Learning To Speak Up – Part I

I always loved words.  I loved to read books and I even wrote speeches.  My issue was that I was so shy growing up.  I was painfully shy.  If you looked up painfully shy in a dictionary my face should have been right underneath. It was so hard for me because I didn’t get to properly express myself in childhood.

My mother knew I was painfully shy so she would speak for me.  When other adults would ask me questions, my mother would answer them.  It didn’t bother me until I was around 13.

Once I became a teenager my whole worldview changed.  I had different ideas about life and wanted to start expressing myself more.

I was in a 4-H speech contest in 8th grade.  I won my school competition with a speech about being black and dealing with violence in our communities.  After winning at the school level I had to compete at the county level.  I won county and then had to present at the city competition.  I lost at that point and didn’t get to present at the state level.  It didn’t bother me at all because I hated public speaking.

Public speaking was my biggest fear.  Yet, I was told over and over again I was so good at it.  I purposely sabotaged everything when I had to do my speech at the city level.  I knew I wanted to lose because I hated having to keep giving those speeches.  I was scared every single time I had to go up to that podium.  I told my mom I hated having to keep giving those speeches because I was scared.  She told me, “Well…stop being so good at it [the speeches].”

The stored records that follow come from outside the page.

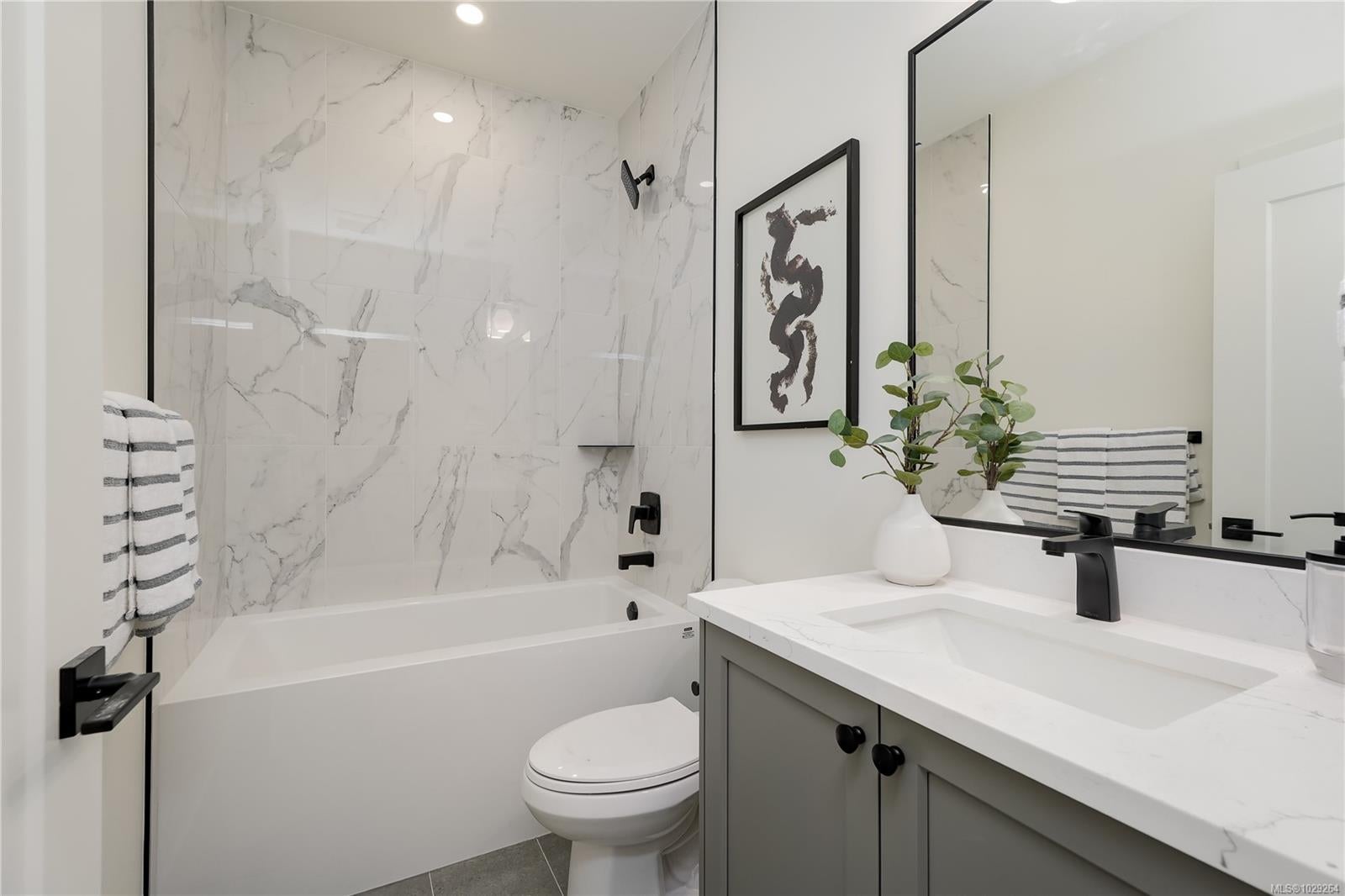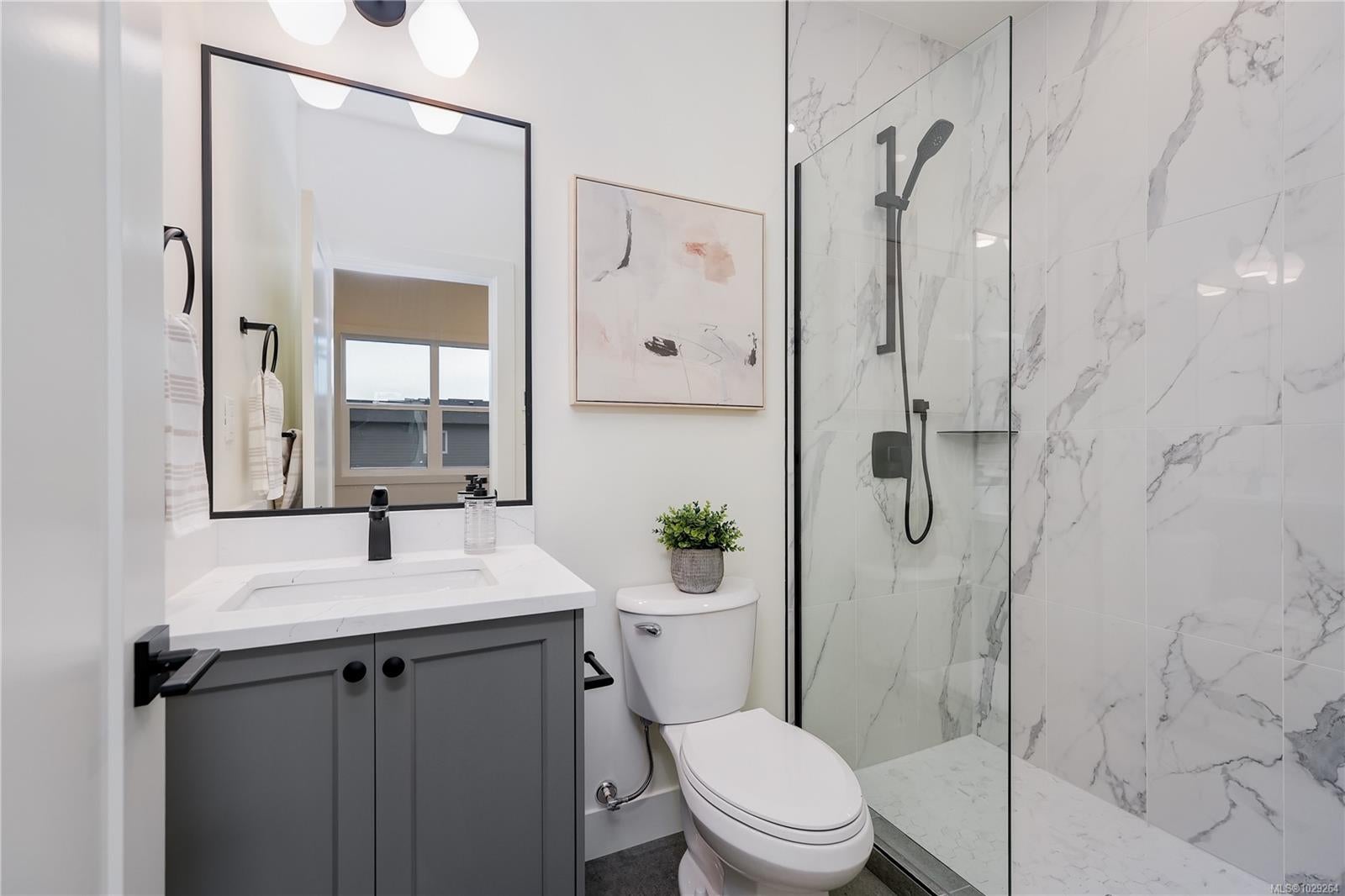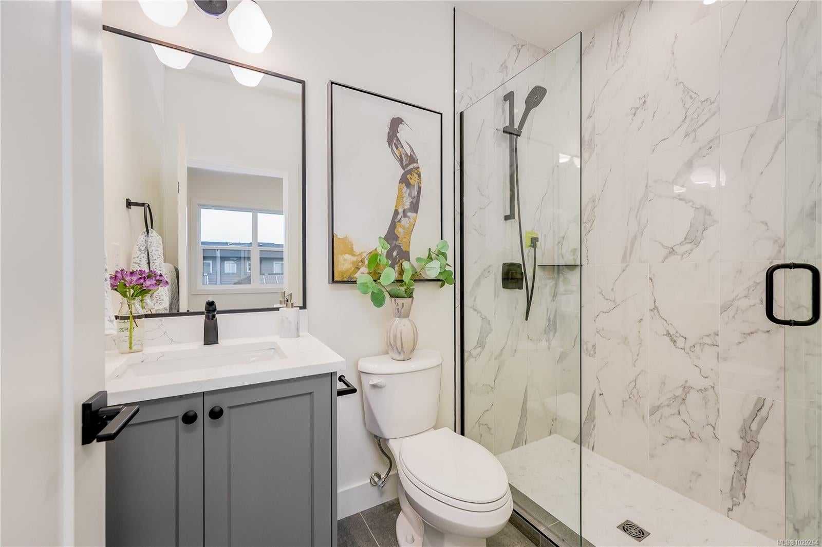 Glen Isle Townhomes @ 960 Jenkins - 8 Thoughtfully crafted homes that seamlessly blend everyday functionality with refined design. Situated steps from Belmont Market, they offer a peaceful retreat with all the conveniences of urban living at your doorstep. The main level boasts a bright, open-concept living space with oversized windows and electric fireplace. Upstairs, a well appointed 3 bed sleeping level, including laundry and generous primary with 2 closets & ensuite w/ heated floor. Comfort & quality abound w/ Premium Upgrades Included like 9 ft & Vaulted ceilings, Ducted Heat Pump system, ~43ft tandem garage w/ Epoxy coating, quartz counters & high end laminate floors. With modern design and walkable/bikeable location, this home is an exceptional opportunity to live in one of Langford’s most connected neighbourhoods. Photos may not be of the exact unit. Completion Est Mar 2026. Price+GST - Ask your Real Estate professional if GST & PPTT rebates may apply to you.
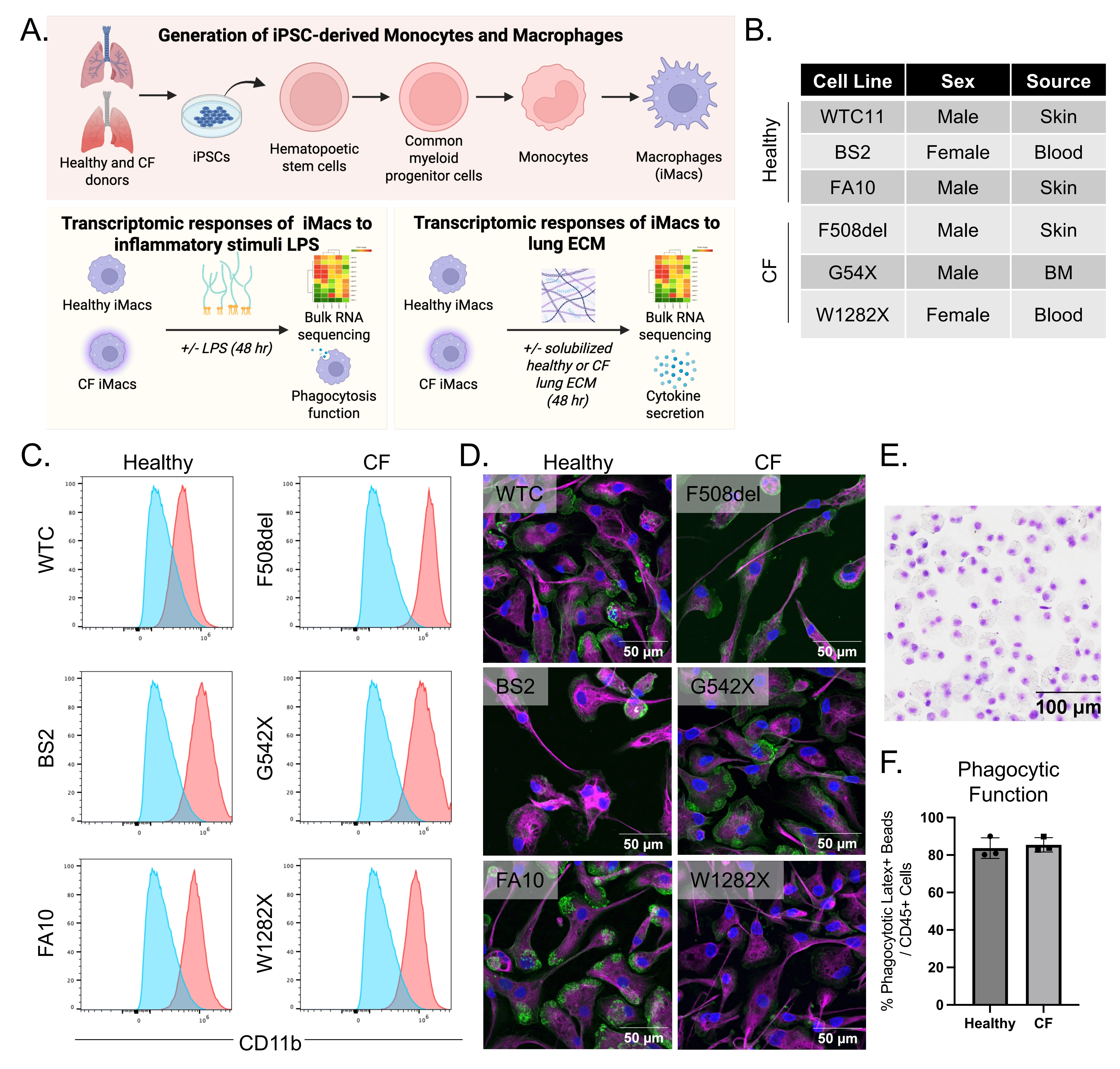 Figure 1. Overview of experimental strategy and derivation of iPSC-derived macrophages (iM0) from healthy and CF donors. (A) Schematic representation of experimental goals; (B) Table of iPSC lines from healthy and CF donors used in the study; (C) CD11b+ flow cytometry profiles of healthy and CF iPSC-derived CD14+ iM0 (red is each donor; blue is the negative control); (D) Immunofluorescent staining of healthy and CF iM0 for CD68 (magenta), phalloidin (green) and nuclei (DAPI), attached on FBS-coated glass cover slips; (E) Example Giemsa-Wright staining showing morphology of cytospun CF iM0; (F) Phagocytic functions of healthy and CF iM0 using phagocytosis of Latex+ microbeads. Created in BioRender.com. CF: cystic fibrosis; DAPI: 4′,6-diamidino-2-phenylindole.
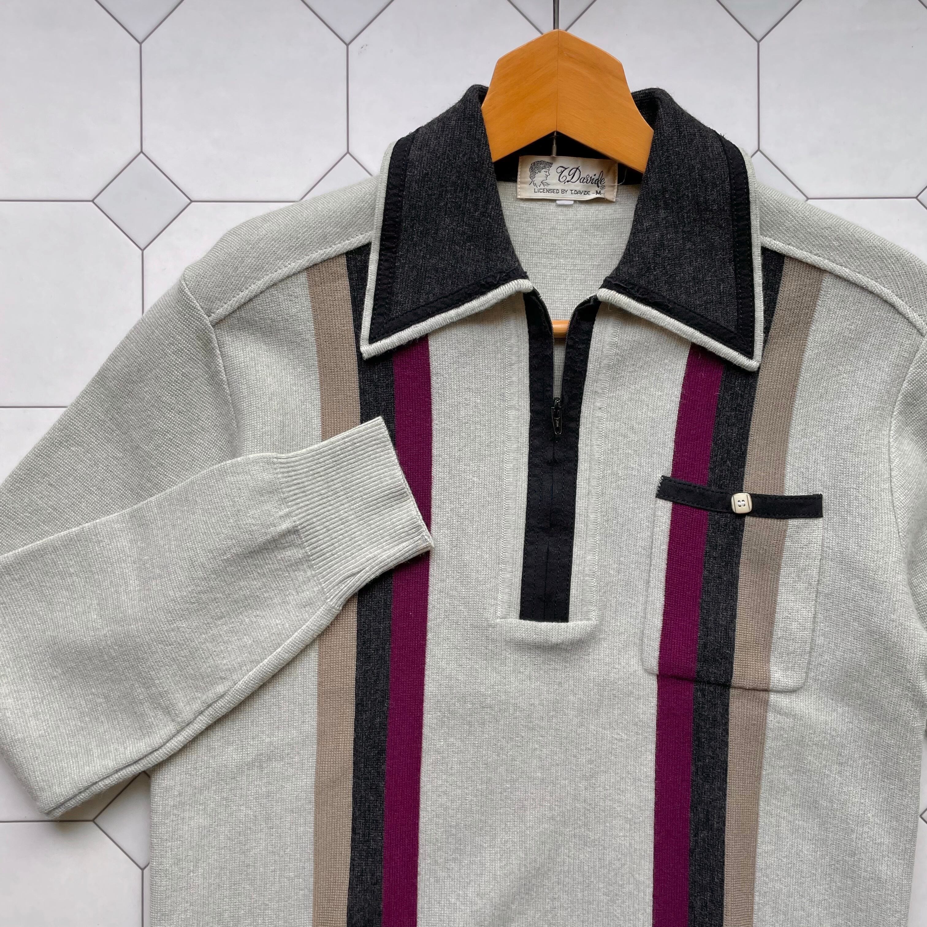 line design half zip knit 〈レトロ古着 ラインデザイン ハーフジップ ニット 日本製〉
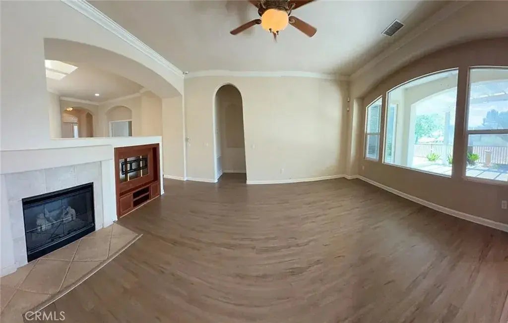 55+ Community of Trilogy at Glen Ivy, Laguna Model. Smart planned community with all the amenities you could wish for. Wood shutters throughout with an open kitchen and recessed lighting. Master bedroom with walk in closet and slider opening to covered deck overlooking the Gold Course, 9th & 10th fairways. Morning coffee and evening sunsets have peaceful views of the course and the mountains from the back and side patio areas. Calming fresh wall color, tile and plank flooring, ceiling fans and a 3rd room for office, guest room, etc.
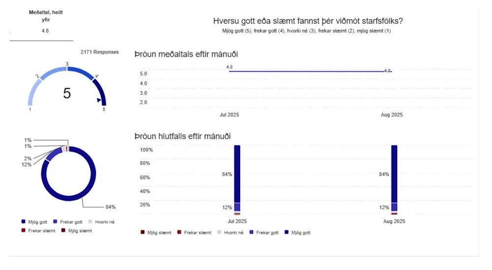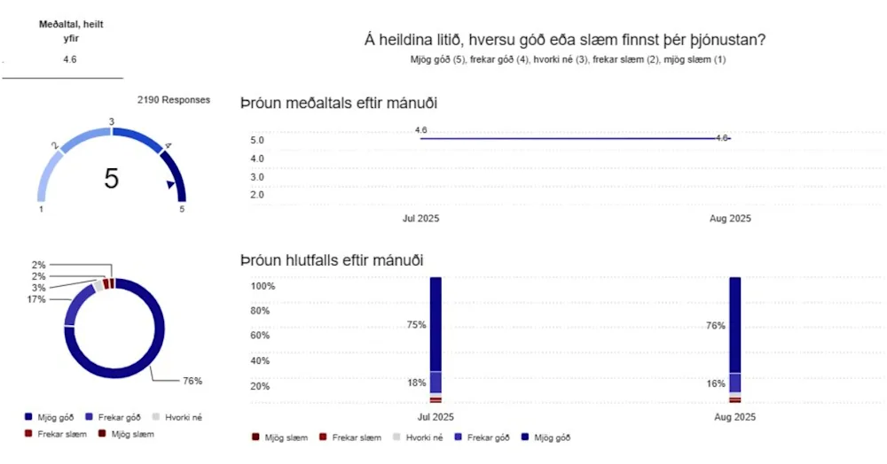 Í Júlí tók fjármála- og efnhagsráðuneytið ákvörðun um að skipta um þjónustuaðila á þjónustukönnun ríkisstofnana og er hún nú hjá Félagsvísindastofnun Háskóla Íslands. Mælaborðin hafa því breyst og gefa stofnuninni enn betra tækifæri til að rýna í niðurstöðurnar með það að markmiði að gera reglulegar umbætur.

I regret letting my fear get to me so much.  My childhood was plagued by constant fear of everything.  Everything!  I hate that my mom still felt that when I was around 16 she had to continue to speak for me.  Once I was around 16 I became angry with her over this issue.  I would tell her to stop speaking for me.  I didn’t ask her to nor need her to.  She no longer knew my thoughts and feelings. She couldn’t “speak” for me at all anymore.  I was well into my 20s before people stopped looking at my mom and expecting her to answer on my behalf.  It was ridiculous and made me so angry.  They would ask a question about me…in front of me…and I was like 22…and they expected my mother to answer.  I would just look at them like, “Hey…I’m standing right here.  I can answer the question.  It was directed to me, right?”  This is when I had to start interrupting my mother and answering for myself.  It was so odd at first.  It felt like I was being disrespectful to my mother, but at the same time I had to get used to expressing myself verbally.  I was used to expressing myself through the written word but not verbally.

The reason I started writing at 8 years-old is because I was so shy and didn’t know how to express myself.  My 8th grade English teacher, Ms. Bolt, was the first person that saw something else in me.  She was the one who encouraged me with the 4-H speech contest.  I had never had anyone see me in that way.  I had never before had someone who thought, “you are a good writer.  You have potential.  You also are a good speaker and should do something with your gifts.” I credit Ms. Bolt for all of it.  I don’t know where she is now – I wish I could tell her now how she helped me more that she will probably ever know.